Extracted material ::
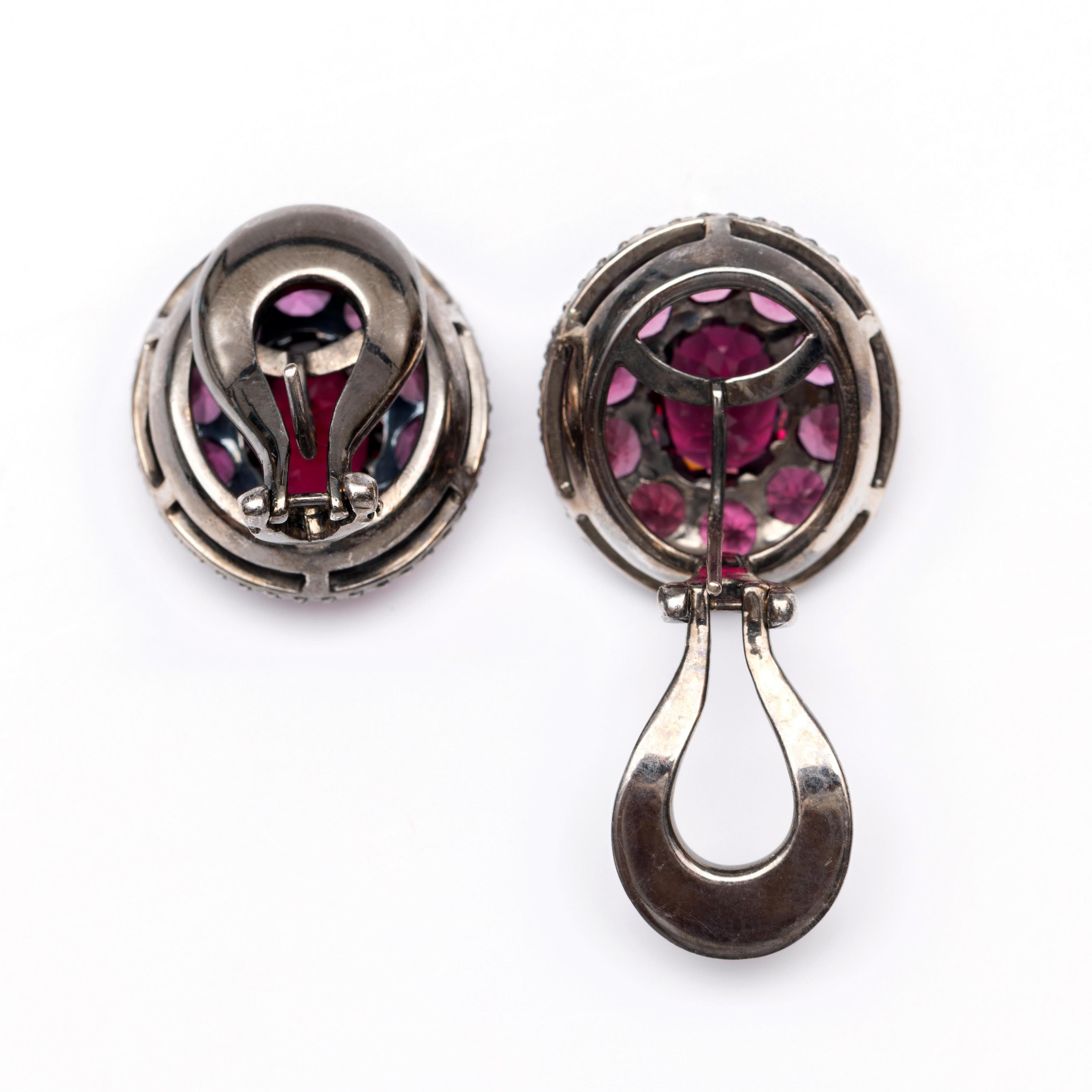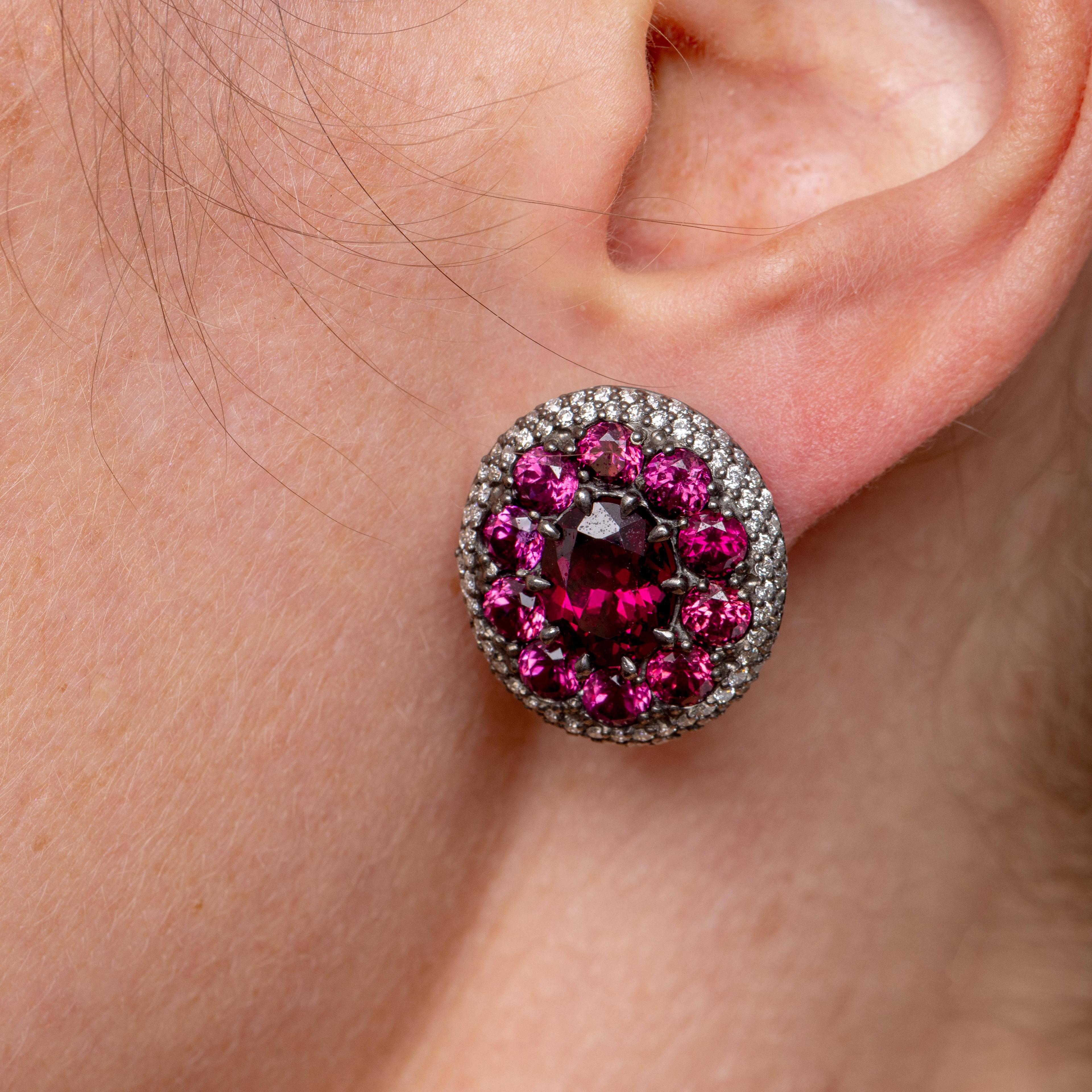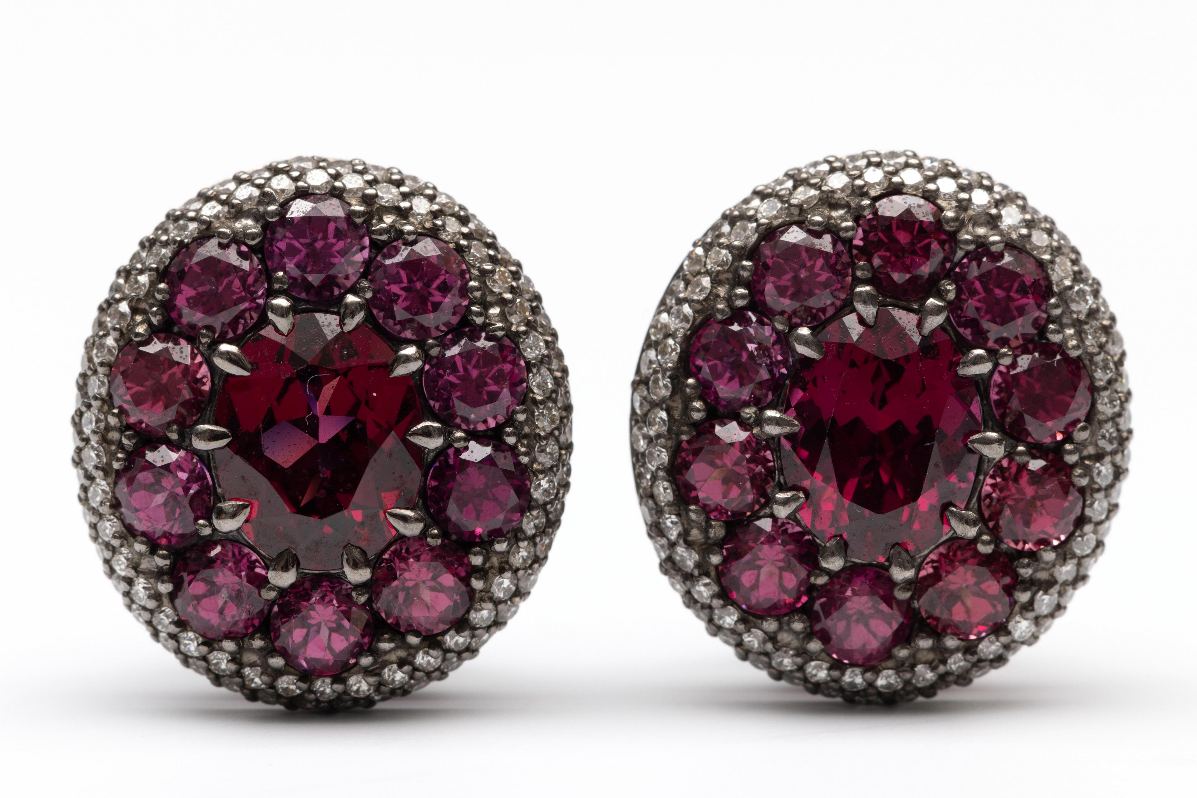 Black rhodium-plated 18 k. gold oval stud earrings. Centrally set with a deep purple-pink rhodolite garnet (approx. 9.8 x 8 mm), surrounded by a lighter-hued garnet (approx. 4 mm in diameter), surrounded by a pavé-set brilliant-cut diamond weighing approximately 0.90 ct.
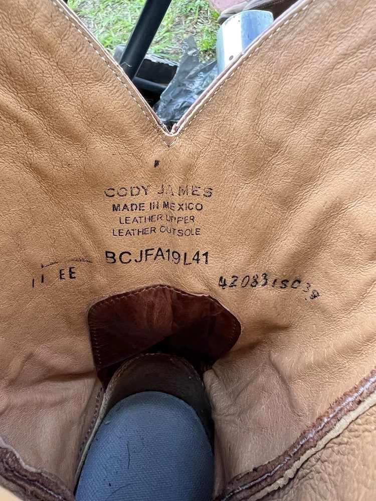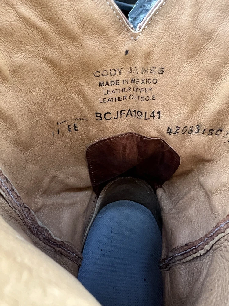 Up for sale is a . Cody James Diesel MEN'S BROWN Leather COWBOY WESTERN BOOTS SIZE 11 EE . IT'S used condition with scuffs, scratches, and some stains on the exterior which is normal for being preowned , that might come out . BOOT TREES ARE NOT INCLUDED. Please double click on the pictures to get a closer view before bidding. Take a look at my other listings for more fine items. If you have any questions or complaints please feel free to contact me via eBay email. Happy Bidding...
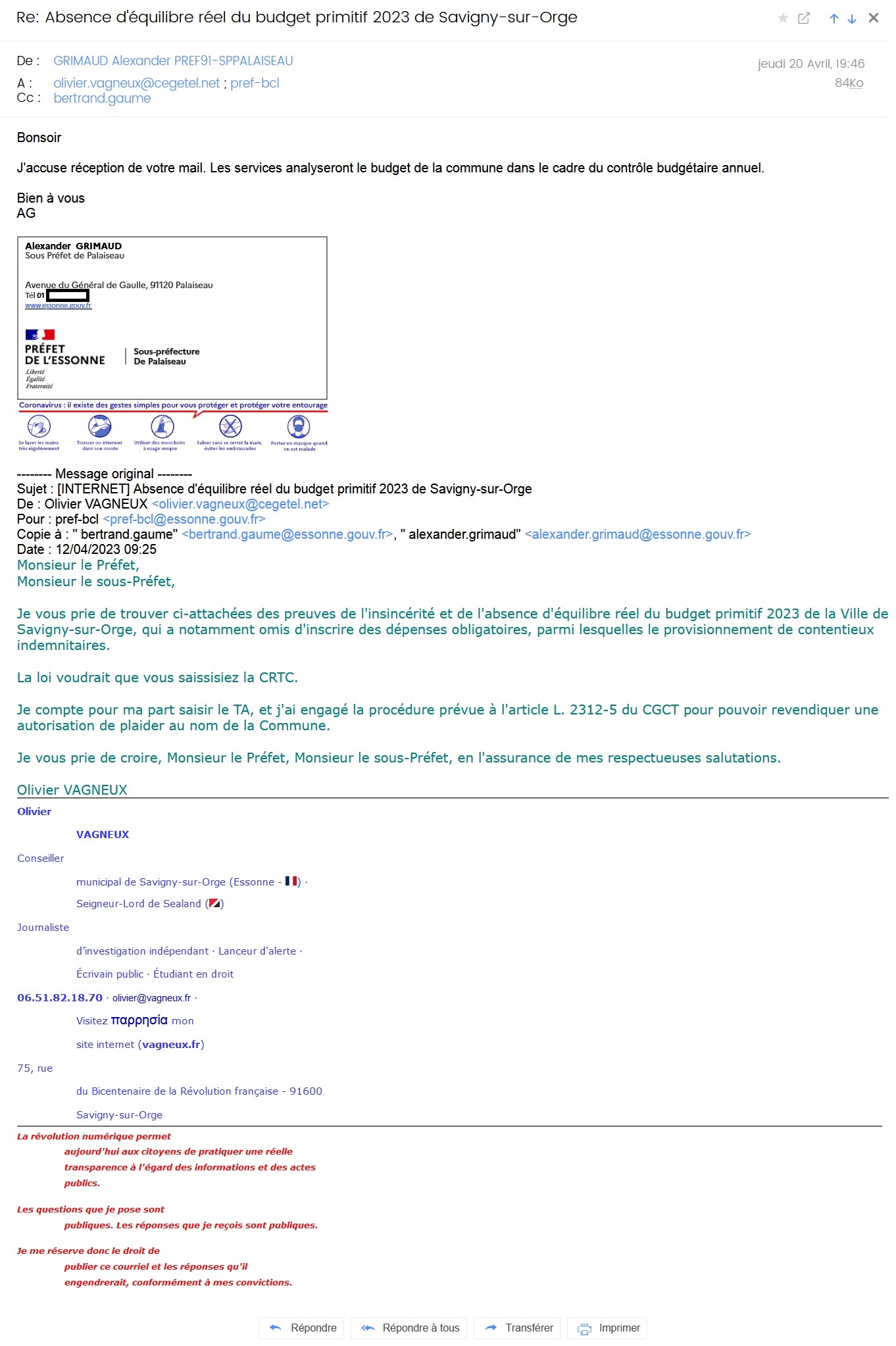 je veux interprêter cet accusé de réception (cliquez dessus pour l’agrandir), avec préfet en copie, comme un sérieux avertissement pour Alexis TEILLET ; comme si le sous-préfet s’était senti obligé de m’écrire, pour la première fois du mandat, parce qu’il va devoir se résoudre à intervenir, bien malgré lui… (Je pense cependant qu’il ne va rien faire et que je vais agir !)
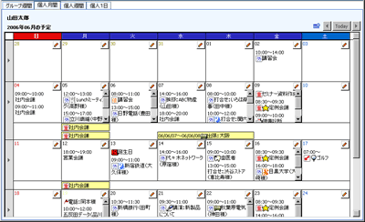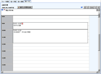 表示するスケジュールは「グループ週間」「個人月間」「個人週間」「個人1日」のタブから選択して下さい。
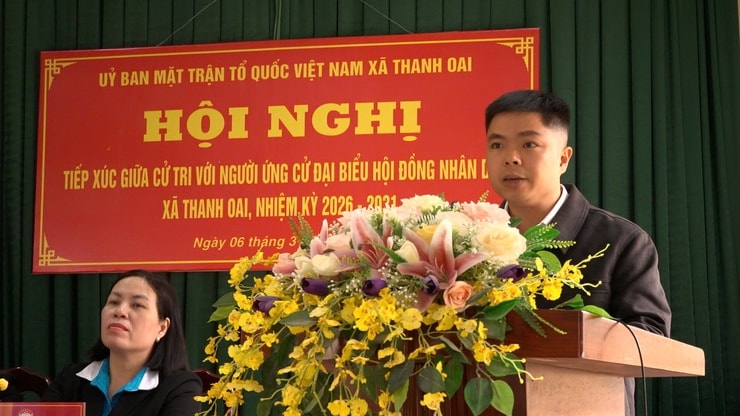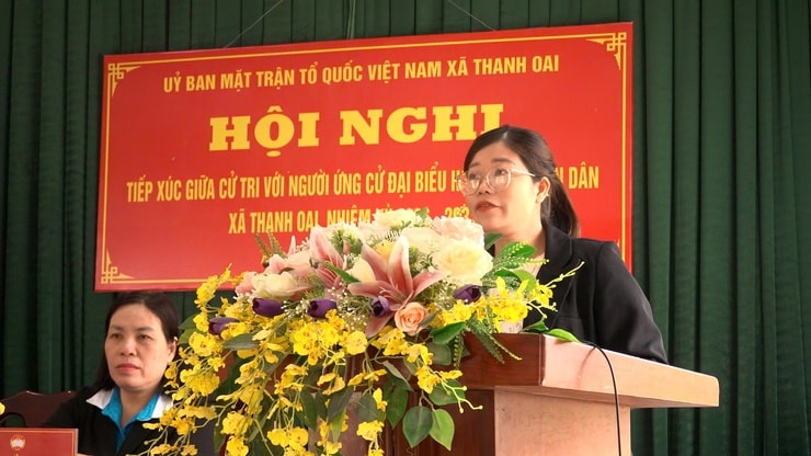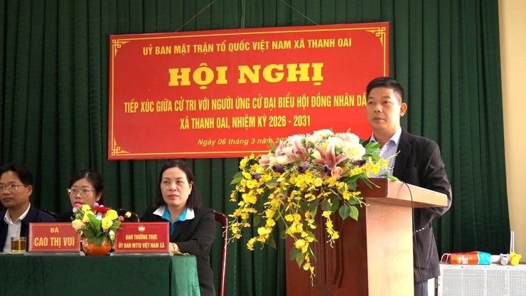 Các ứng cử đại biểu HĐND xã Thanh Oai nhiệm kỳ 2026-2031 - đơn vị bầu cử số 1 trình bày chương trình hành động. Ảnh: Phong Đỗ
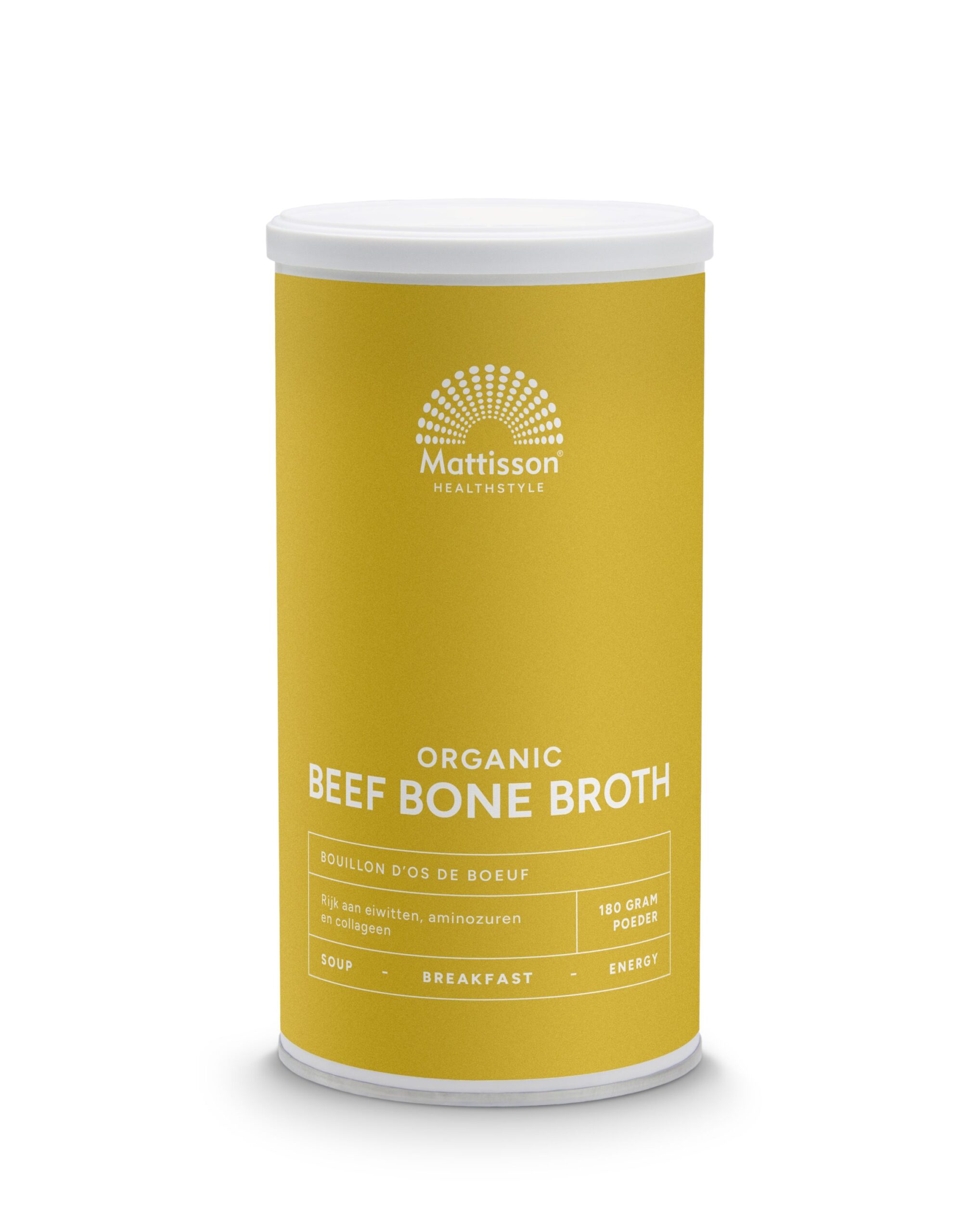 Beef Bone Broth is Runder Bottenbouillon bereid uit vlezige botten. De Bottenbouillon wordt vervolgens gedehydrateerd, waardoor er een geconcentreerde Proteïne Poeder overblijft, rijk aan Collageen Type 1, Vitamines, Mineralen en (Essentiële) Aminozuren. Door de toevoeging van Zonnebloem Lecithine lost de poeder zeer goed op.

Directions :: Reproduce, unchanged, each line between the one with "je veux interprêter" and the last line of the material, both included; the pictures do not go in.

Exercise response ::
 je veux interprêter cet accusé de réception (cliquez dessus pour l’agrandir), avec préfet en copie, comme un sérieux avertissement pour Alexis TEILLET ; comme si le sous-préfet s’était senti obligé de m’écrire, pour la première fois du mandat, parce qu’il va devoir se résoudre à intervenir, bien malgré lui… (Je pense cependant qu’il ne va rien faire et que je vais agir !)
 表示するスケジュールは「グループ週間」「個人月間」「個人週間」「個人1日」のタブから選択して下さい。
 Các ứng cử đại biểu HĐND xã Thanh Oai nhiệm kỳ 2026-2031 - đơn vị bầu cử số 1 trình bày chương trình hành động. Ảnh: Phong Đỗ
 Beef Bone Broth is Runder Bottenbouillon bereid uit vlezige botten. De Bottenbouillon wordt vervolgens gedehydrateerd, waardoor er een geconcentreerde Proteïne Poeder overblijft, rijk aan Collageen Type 1, Vitamines, Mineralen en (Essentiële) Aminozuren. Door de toevoeging van Zonnebloem Lecithine lost de poeder zeer goed op.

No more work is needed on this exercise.